A method to choose a point from a nonempty closed set to avoid the use of $\mathsf{AC}$

Question

Fix a point $z \in \mathbb{C}$. Let $S \subset \mathbb{C}$ be a nonempty closed set. Let $$T = \{ w \mid d(z, w) = d(z, S)\}.$$ Then $S \cap T$ is a nonempty closed set. Let $f\colon [0, 1] \to T$ be defined by $t \mapsto z + d(z, S)e^{2\pi it}$. Then $f^{-1}(S \cap T)$ is closed subset of $[0, 1]$. Thus $f(\inf f^{-1}(S \cap T)) \in S$.

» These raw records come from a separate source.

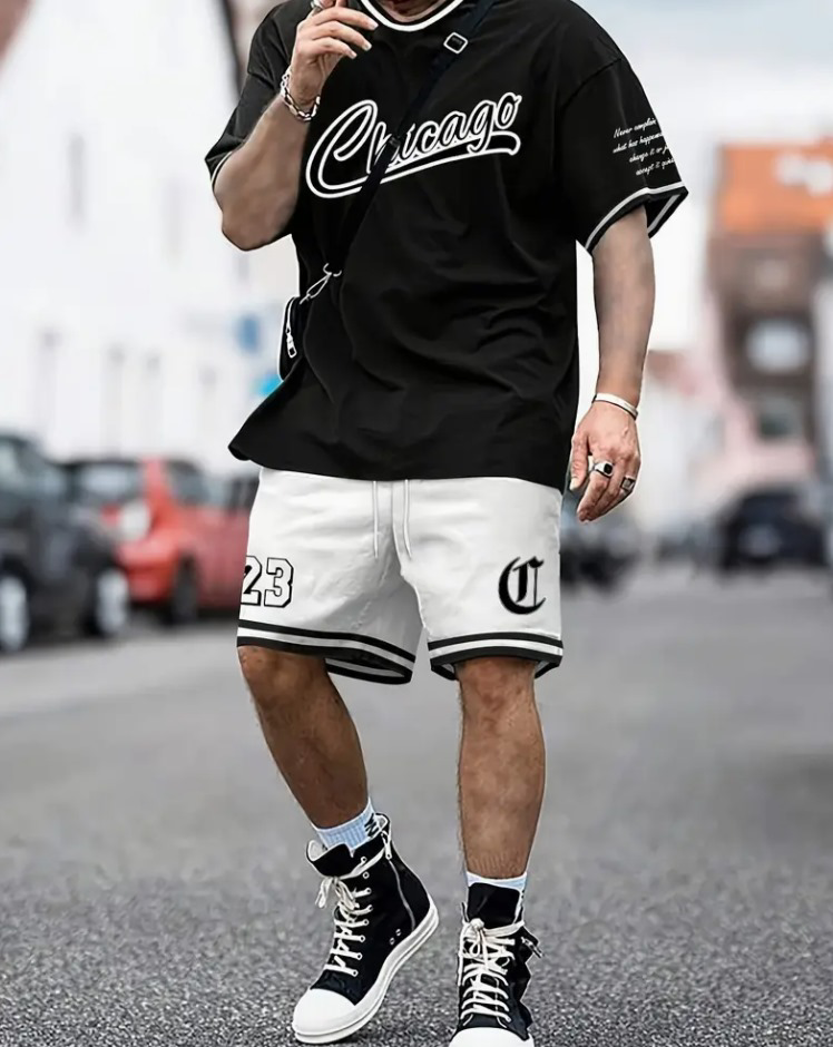 Conjunto informal de 2 piezas con estampado gráfico de Chicago: camiseta corta y pantalones cortos de manga corta para hombre. Tamaño: Mediano
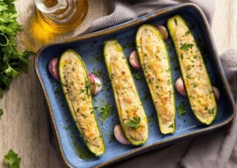 - Recheie as metades de abobrinhas com a mistura pronta.
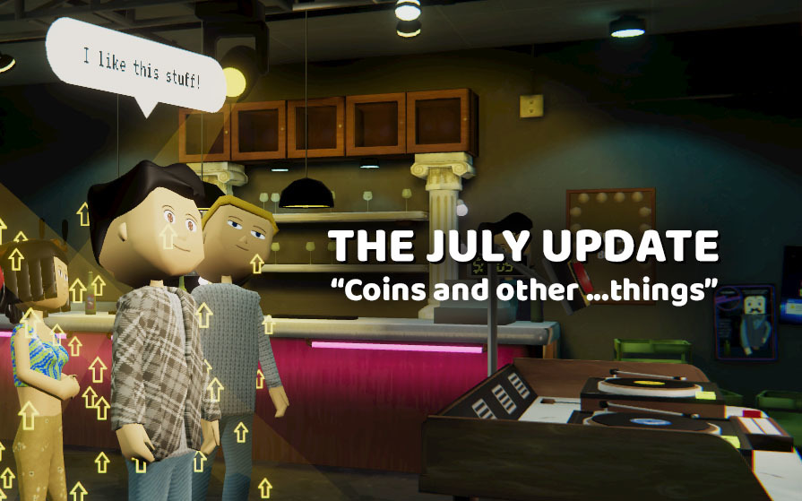 A real world, besides the disco’s dancefloor: You’ll have your own room, there’s a back alley with a shop (and an interesting character), some empty lots to explore (in coming updates), the front street to watch your customers come and go. Everything now feels more like a complete world, rather than a restricted room - and we hope you’ll get the same feeling.
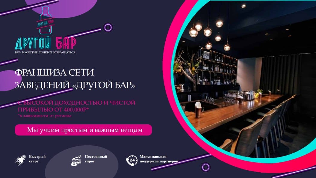 Чем франшиза «Другой Бар» лучше бизнеса с нуля? Приобретая франшизу «Другой бар», вы получаете всю необходимую информацию по ведению успешного бизнеса.
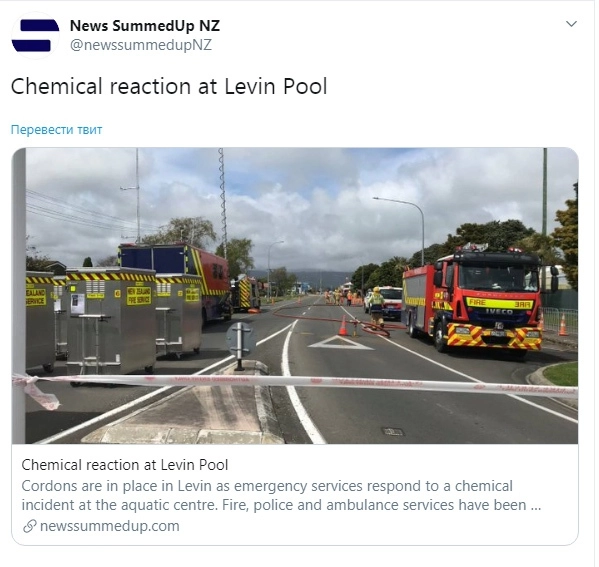 Утечка химикатов стала причиной эвакуации посетителей общественного бассейна в новозеландском городе Левин. По данным местных спасателей, один из пострадавших оказался в больнице в тяжелом состоянии.
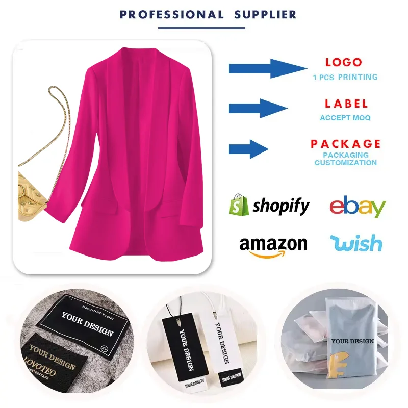 X818 # Best-selling Spring Autumn Women Jackets Elegant Temperament Solid Color V-Neck Long Sleeve Suit Blazers for Women

By this way we can make a choice function for the entire family of nonempty closed subsets of $\mathbb{C}$. Is this way independent of $\mathsf{AC}$? And can this method extended to other Euclidean spaces, or even metric spaces and topological spaces?

Answer 1

Yep, this works (except I think you mean for $f$ to be $t\mapsto z+d(z,S)e^{2\pi it}$). There are a variety of similar techniques you can use for $\mathbb{R}^n$ for any $n$; the general idea is you can isolate a specific point by taking maxima or minima of certain functions (which must be achieved since the set is closed). For instance, given a nonempty closed set $S\subseteq\mathbb{R}^n$, you can replace $S$ with $S\cap [-N,N]^n$ for the least $n$ such that it is nonempty to assume $S$ is bounded. Then, you can take the smallest first coordinate of any point in $S$, then the smallest second coordinate among points with that first coordinate, and so on, to pick a single element of $S$.

To choose points from nonempty closed sets in arbitrary metric spaces is equivalent to AC, though, since you can just equip any set with the discrete metric so every set is closed.